_Exercise directions_
With every picture left out, restate the listing below exactly as written.

_Material for the task_
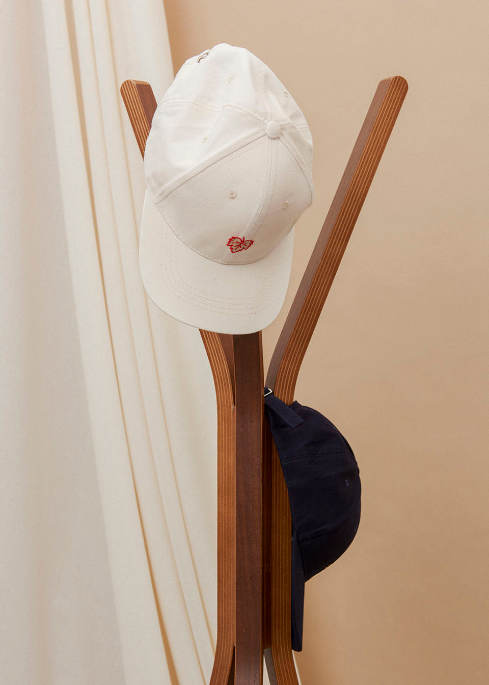 Casquette NUS écrue 100% coton ajustable avec visière et feuille de vigne brodée.
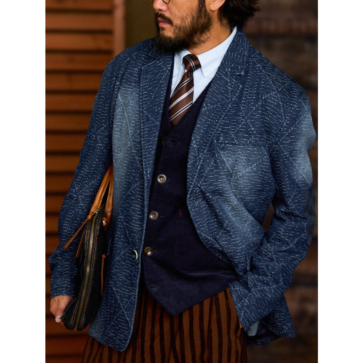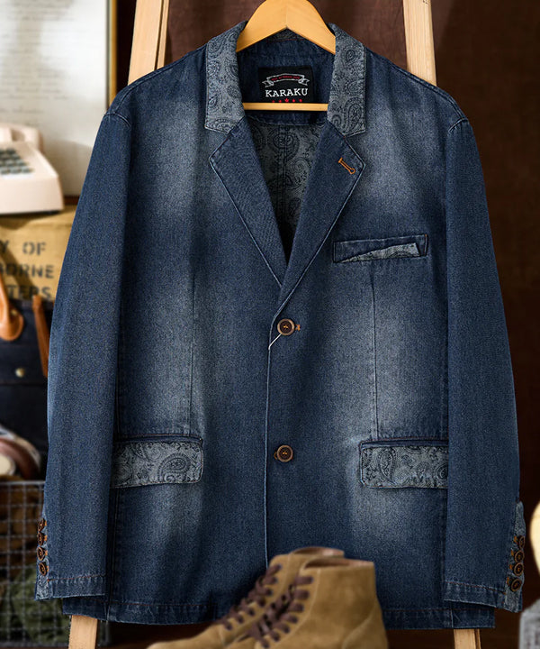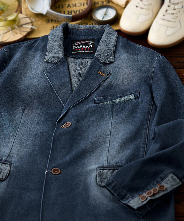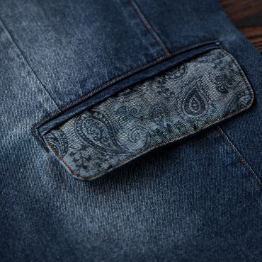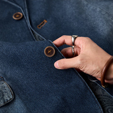 몽키 워싱 가공으로 멋스러운 그라데이션과 색감을 살리고, 페이즐리 패턴과 테일러드 실루엣으로 고급스러운 분위기를 더한 데님 자켓입니다.
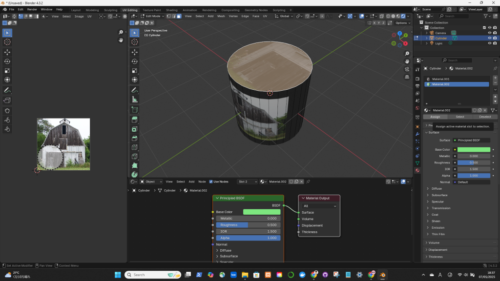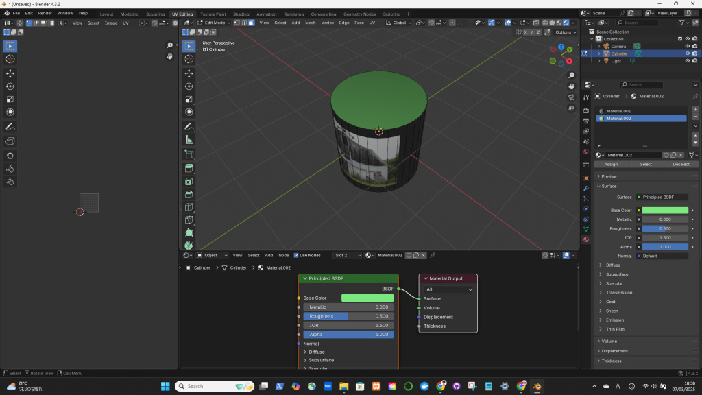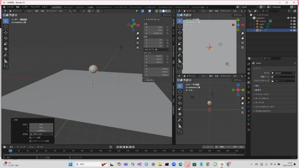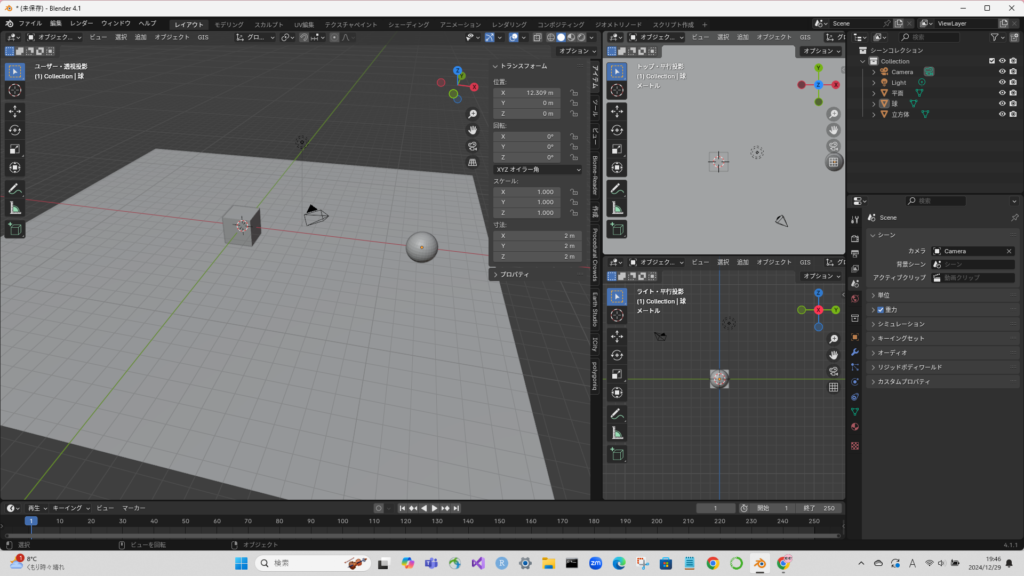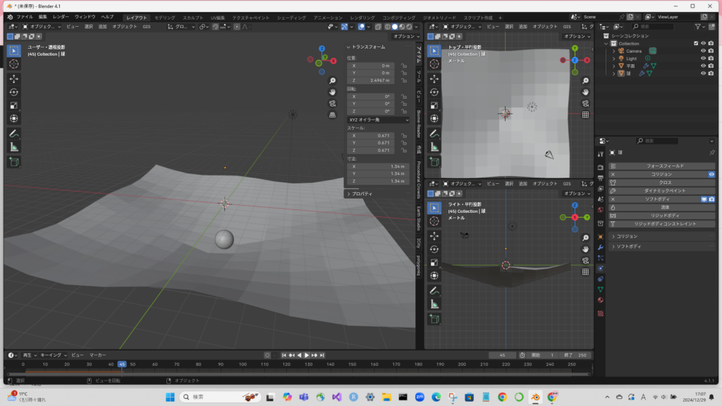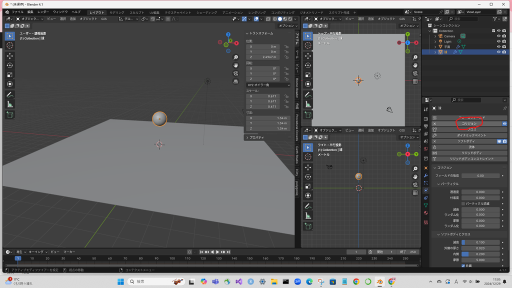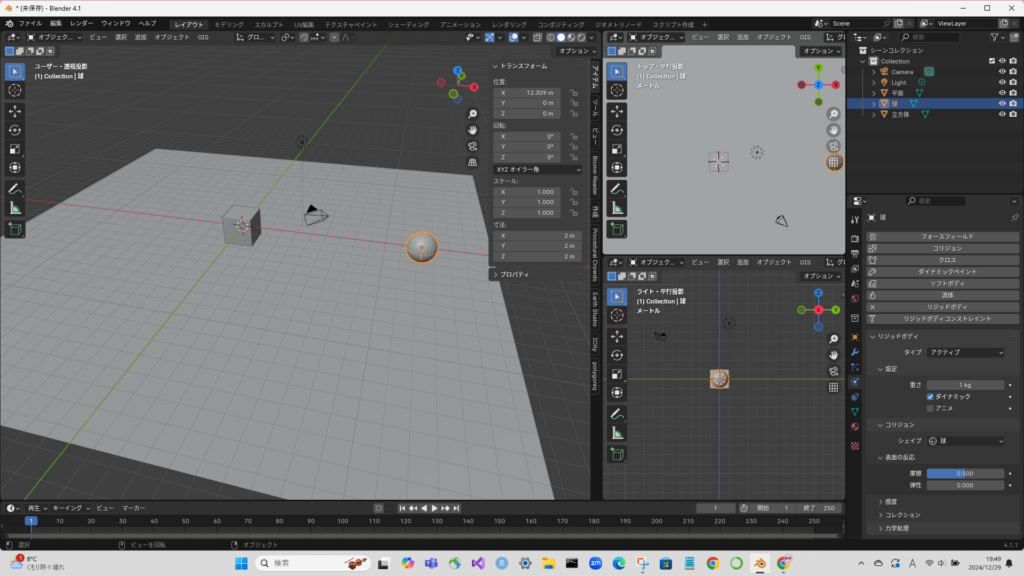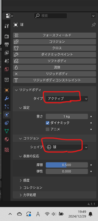 UV球にも「リジッドボディ」を追加する。設定は「アクティブ」と「球」にする。
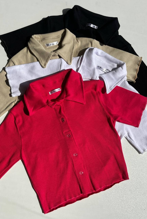 کراپ یقه مردونه دکمه نما نخ پنبه کبریتی آستین تیشرتی
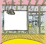 Ci-dessus le décor de la salle de réunion où Michel Chaton présente la campagne Caka-bulles® aux trois gros cochons.
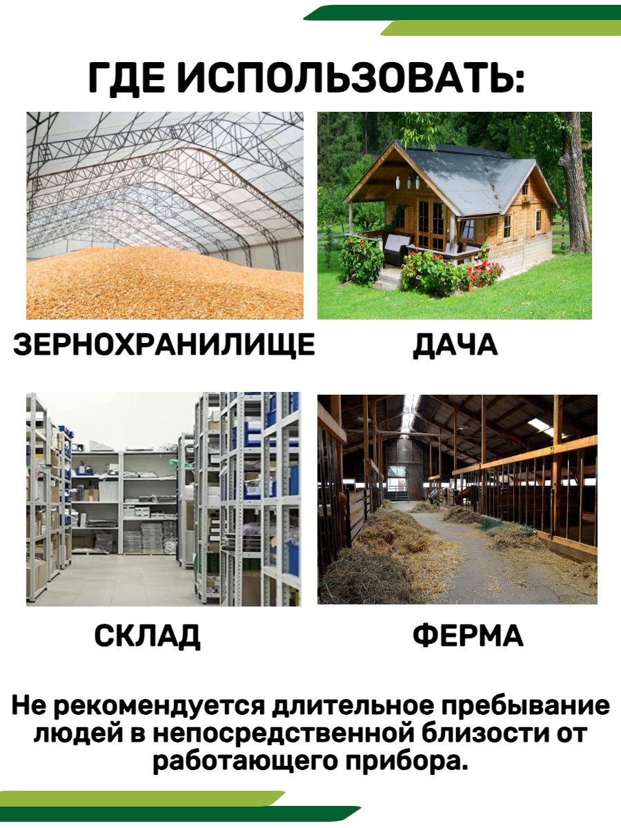 Прибор устанавливается в складах, овоще- и зернохранилищах, подвальных, бытовых и производственных помещениях, домах отдыха, турбазах, птицеводческих и животноводческих комплексах, дачах, трюмах кораблей, торговых предприятиях, отделениях связи, телефонных станциях, офисах и так далее.
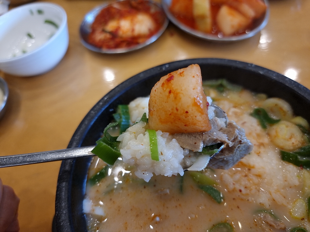김치와 깍뚜기를 맘껏 가져다 먹을 수 있으니 이것도 부담이 없다. 이젠 이렇게 한 그릇의 순대국보다 세트 메뉴로 먹는 손님들이 더 많은 것 같았다. 수육이 나오는 고급진 버전이 생긴 것이다. 손님의 70% 정도는 아재들이라 양을 더 추가한 것 같다. 오전 내내 허기졌던 배를 채우고 다시 오후에 열심히 일하는 것이다. 진정한 휴식이자 채움의 시간이다. 다른 어떤 음식들보다 순대국을 먹으면 저녁 때까지도 속이 든든하다는 생각이 든다. 맛도 좋고, 속도 편하고, 가격도 괜찮고 참 이런 서민적인 음식이 또 있을까? 참 맛나고 즐거운 식사시간이다.
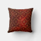 This throw pillow features a pattern of gold leaves and berry sprigs on a rich burgundy red gradient background that almost seems to glow. Both sides of the pillow have the same pattern.

_Task result_
 Casquette NUS écrue 100% coton ajustable avec visière et feuille de vigne brodée.
 몽키 워싱 가공으로 멋스러운 그라데이션과 색감을 살리고, 페이즐리 패턴과 테일러드 실루엣으로 고급스러운 분위기를 더한 데님 자켓입니다.
 UV球にも「リジッドボディ」を追加する。設定は「アクティブ」と「球」にする。
 کراپ یقه مردونه دکمه نما نخ پنبه کبریتی آستین تیشرتی
 Ci-dessus le décor de la salle de réunion où Michel Chaton présente la campagne Caka-bulles® aux trois gros cochons.
 Прибор устанавливается в складах, овоще- и зернохранилищах, подвальных, бытовых и производственных помещениях, домах отдыха, турбазах, птицеводческих и животноводческих комплексах, дачах, трюмах кораблей, торговых предприятиях, отделениях связи, телефонных станциях, офисах и так далее.
김치와 깍뚜기를 맘껏 가져다 먹을 수 있으니 이것도 부담이 없다. 이젠 이렇게 한 그릇의 순대국보다 세트 메뉴로 먹는 손님들이 더 많은 것 같았다. 수육이 나오는 고급진 버전이 생긴 것이다. 손님의 70% 정도는 아재들이라 양을 더 추가한 것 같다. 오전 내내 허기졌던 배를 채우고 다시 오후에 열심히 일하는 것이다. 진정한 휴식이자 채움의 시간이다. 다른 어떤 음식들보다 순대국을 먹으면 저녁 때까지도 속이 든든하다는 생각이 든다. 맛도 좋고, 속도 편하고, 가격도 괜찮고 참 이런 서민적인 음식이 또 있을까? 참 맛나고 즐거운 식사시간이다.
 This throw pillow features a pattern of gold leaves and berry sprigs on a rich burgundy red gradient background that almost seems to glow. Both sides of the pillow have the same pattern.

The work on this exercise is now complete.